Individual leiomyomas are smooth, firm papules or nodules, usually smaller than 2 cm in diameter, and reddish brown. Many are tender to palpation. Leiomyoma occurs predominantly on the lower extremities, less commonly on the head or trunk, and rarely on the hands or in the mouth [4-6]. Leiomyomas generally are asymptomatic. In our case, the patient had occasional itching and pain which was rare considering the nature of lesion. Such symptoms can hardly be attributed to piloleiomyomas. Pain in the nodules can however be seen in angioleiomyomas. Asymptomatic lesions can be left untreated. Medical management has a limited role in the management of these lesions. Pharmacologic intervention has been used to alleviate pain. Options include calcium channel blockers, e.g., nifedipine, alpha blockers, e.g, phenoxybenzamine, Gabapentin, BOTOX, etc [4]. Surgical excision can be done for painful lesions or for cosmetic concern. Recurrence is rare in solitary lesions.

 

REFERENCES

1. Virchow R. Ueber Makroglossie und pathologische Neubildung quergestreifter Muskelfasern. Virchows Arch (Pathol Anat). 1854;7:126-38.

2. Fisher WC, Helwig EB. Leiomyomas of the skin. Arch Dermatol. 1963;88:510- 20.
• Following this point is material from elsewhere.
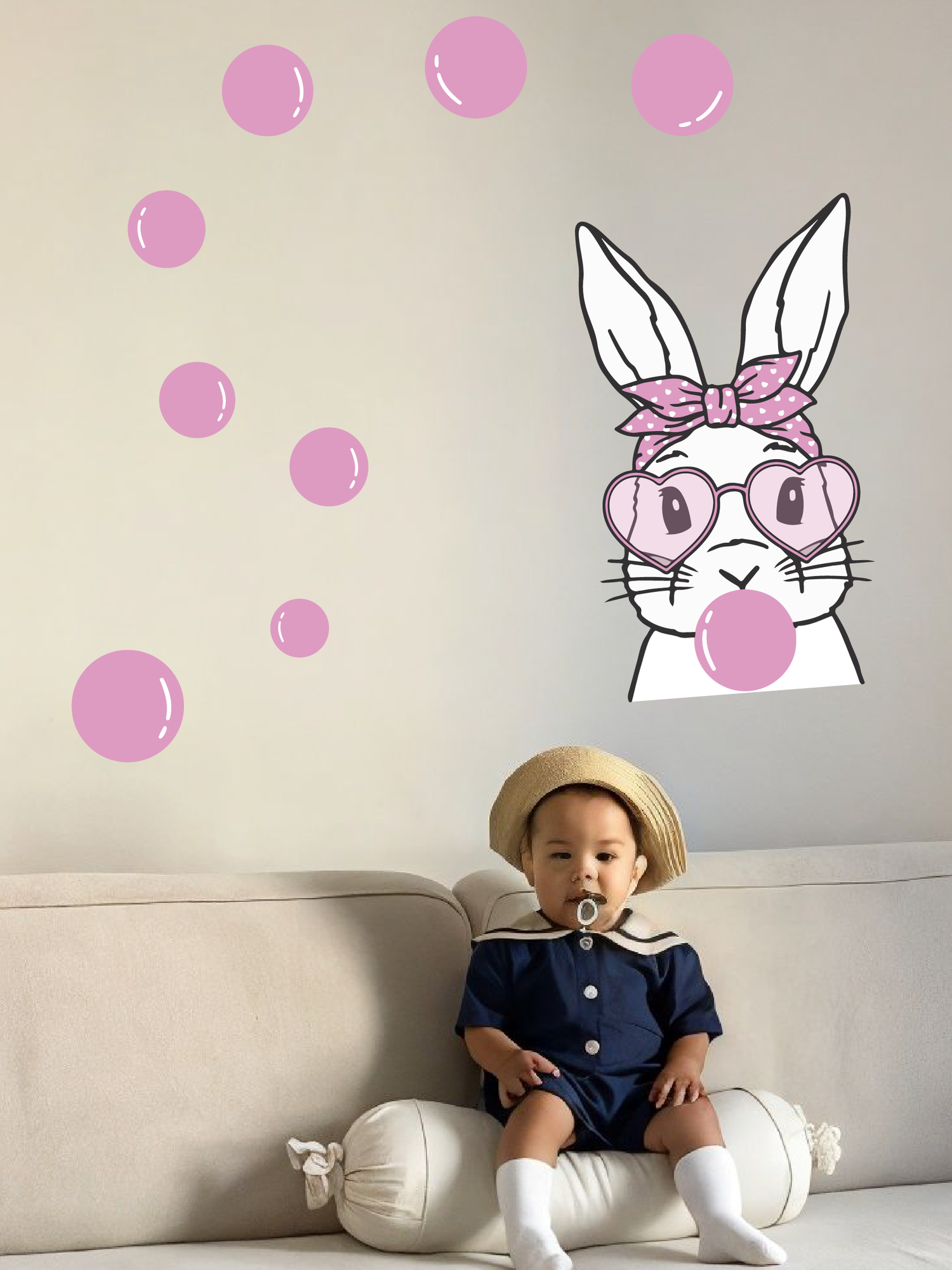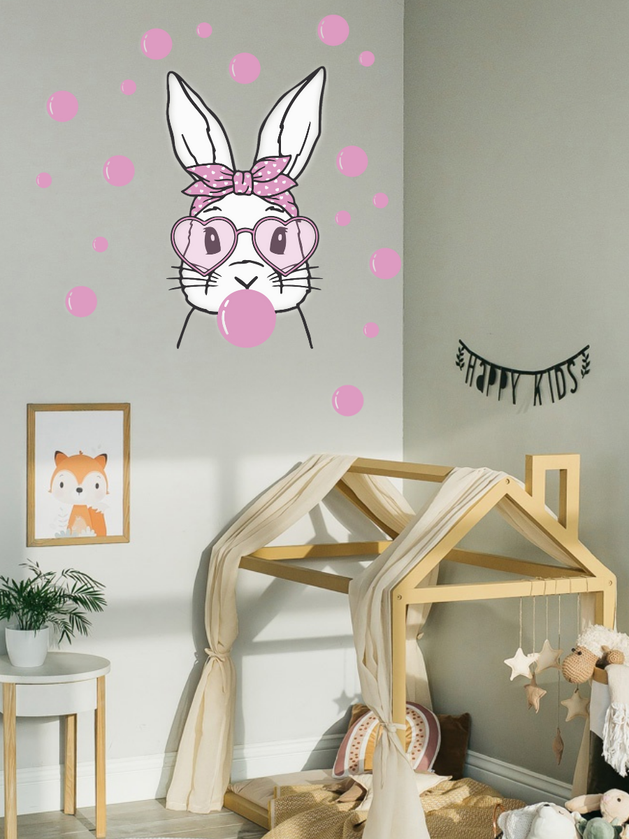 Купить Большая интерьерная наклейка для оформления детской комнаты, замена фотообоям Зайка с пузырями

3. Tomlinson IP, Alam NA, Rowan AJ, Barclay E, Jaeger EE, Kelsell D, et al. Germline mutations in FH predispose to dominantly inherited uterine fibroids, skin leiomyomas, and papillary renal cell cancer. Nature Genetics. 2002;30:406-10.

4. Brooks JK, Nikitakis NG, Goodman NJ, Levy BA. Clinicopathologic characterization of oral angioleiomyomas. Oral Surg Oral Med Oral Pathol Oral Radiol Endod. 2002;94:221-7.

5. Nagata S, Nishimura H, Uchida M, Hayabuchi N, Zenmyou M, Fukahori S. Giant angioleiomyoma in extremity: report of two cases. Magn Reson Med Sci. 2006;5:113-8.

6. Yagi K, Hamada Y, Yasui N. A leiomyoma arising from the deep palmar arterial arch. J Hand Surg [Br]. 2006;31:680-2.

7. Onder M, Adisen E. A new indication of botulinum toxin: leiomyoma-related pain. J Am Acad Dermatol. 2009;60:325-8.